Provided entries below:

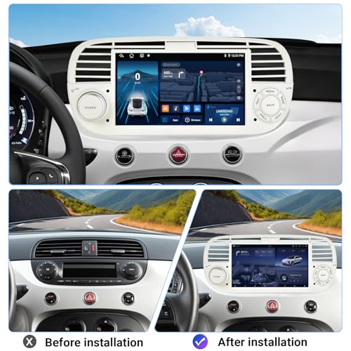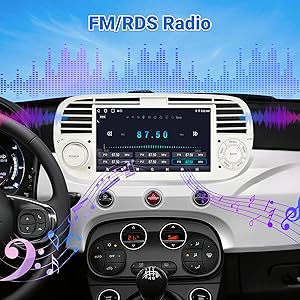 【7-inch Android 14 Car Radio for FIAT】This Android car radio for the FIAT 500 features a 7-inch HD capacitive touchscreen (1024 x 600 pixels), 4GB RAM, and 64GB of internal storage—ideal for effortlessly playing apps and videos, making driving a comfortable experience. Thanks to its plug-and-play design, there's no need for additional frames or cables: Install it in seconds and immediately enjoy features like steering wheel controls, reversing assist, and direct access to vehicle data via the integrated CAN bus system.
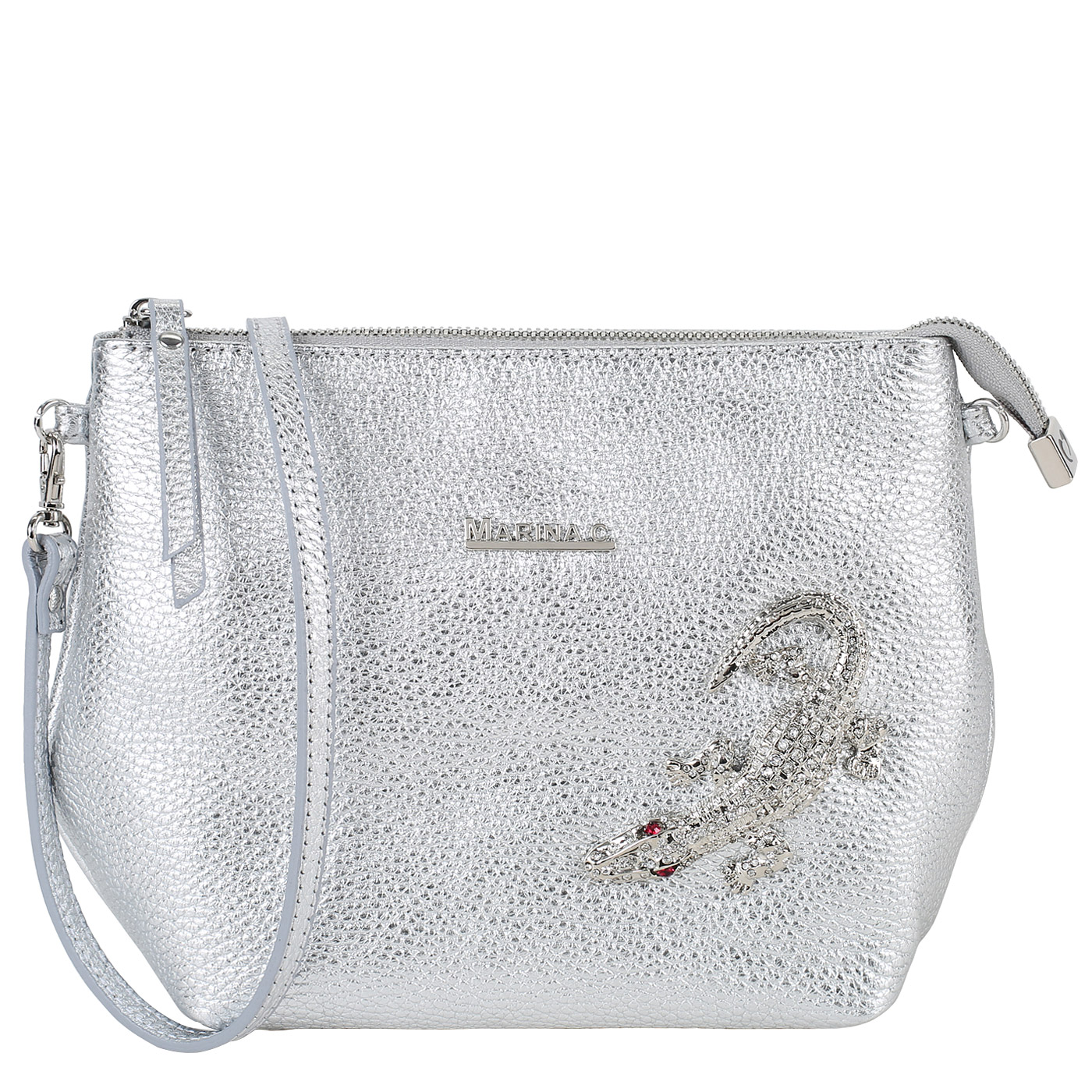 Сумка через плечо Marina Creazioni ACC.649GM 0760 6864_lam.argento_pc - 2000558657051 серебряный натуральная кожа 23 x 17 x 8 Цена 10968 руб. купить в интернет-магазине PanChemodan.ru в Кемерове
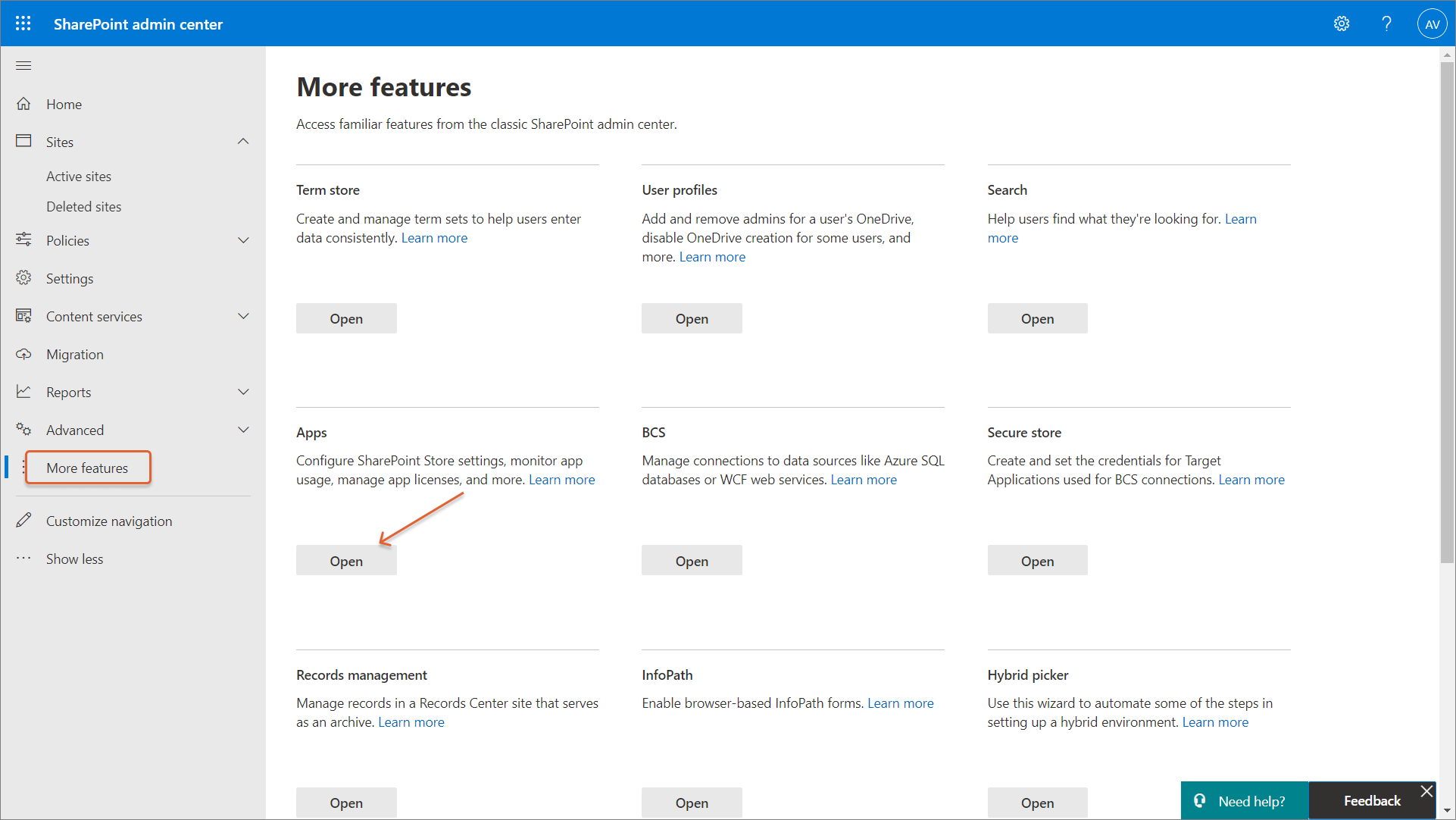 1. In the SharePoint admin center, in the More features section, select Open under the Apps section. The Manage apps page opens.
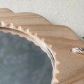 天然木を手作業で磨き上げ、中央には小さな鏡とラインストーンを挟み込んでいます。
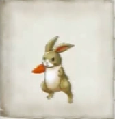 - "A rabbit that always carries around a carrot. They steal their carrots from local farms, so the farmers are always having to chase them off."
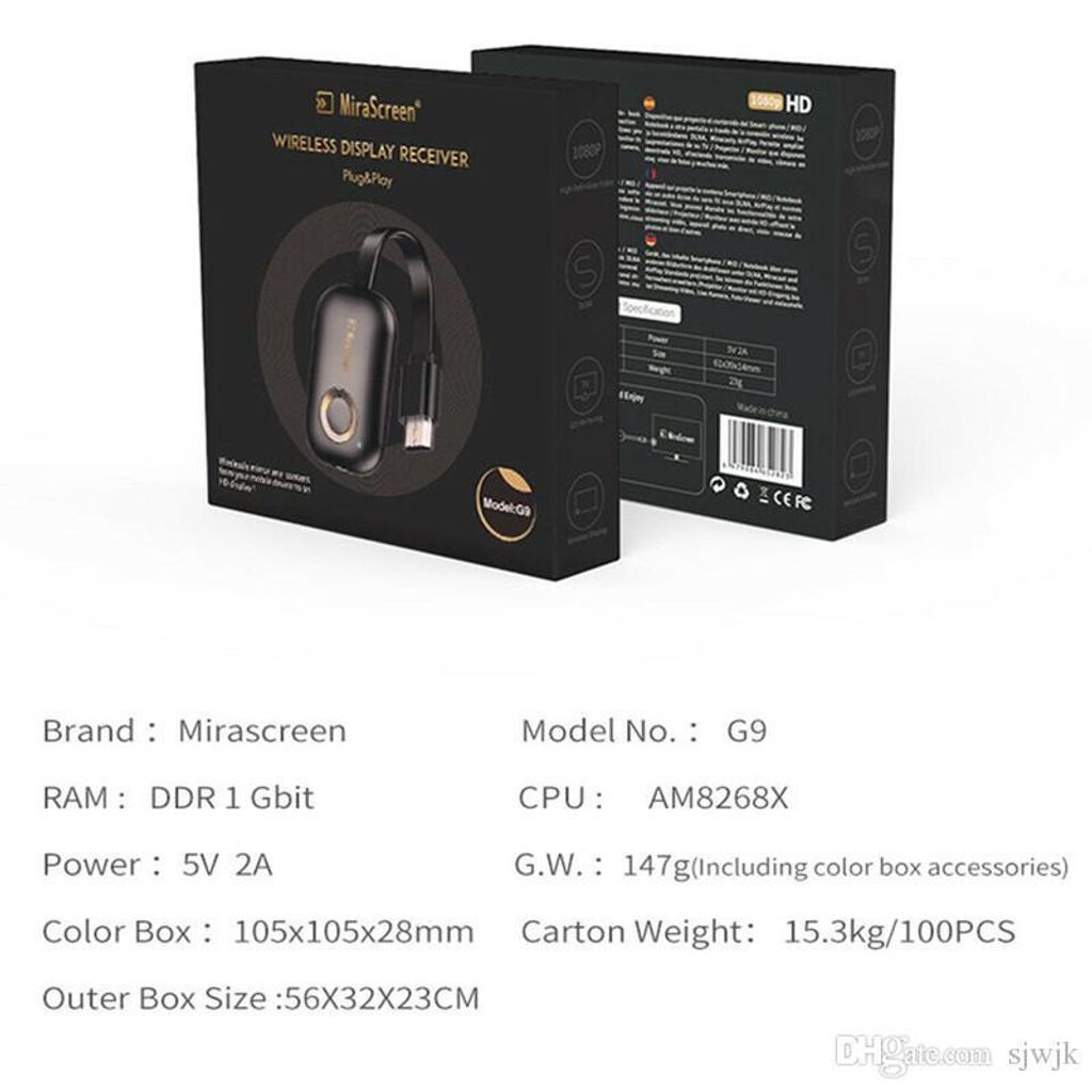 Promotion MiraScreen G9 Plus Display Dongle 1080P Miracast Airplay DLAN Mirror Screen Ratings: 0 - 0 votes

End of Provided entries.

Task objective: All lines from the one containing "rabbit that always" to the end of the entries should appear in the output exactly as written, with no pictures.

Answer section:
 - "A rabbit that always carries around a carrot. They steal their carrots from local farms, so the farmers are always having to chase them off."
 Promotion MiraScreen G9 Plus Display Dongle 1080P Miracast Airplay DLAN Mirror Screen Ratings: 0 - 0 votes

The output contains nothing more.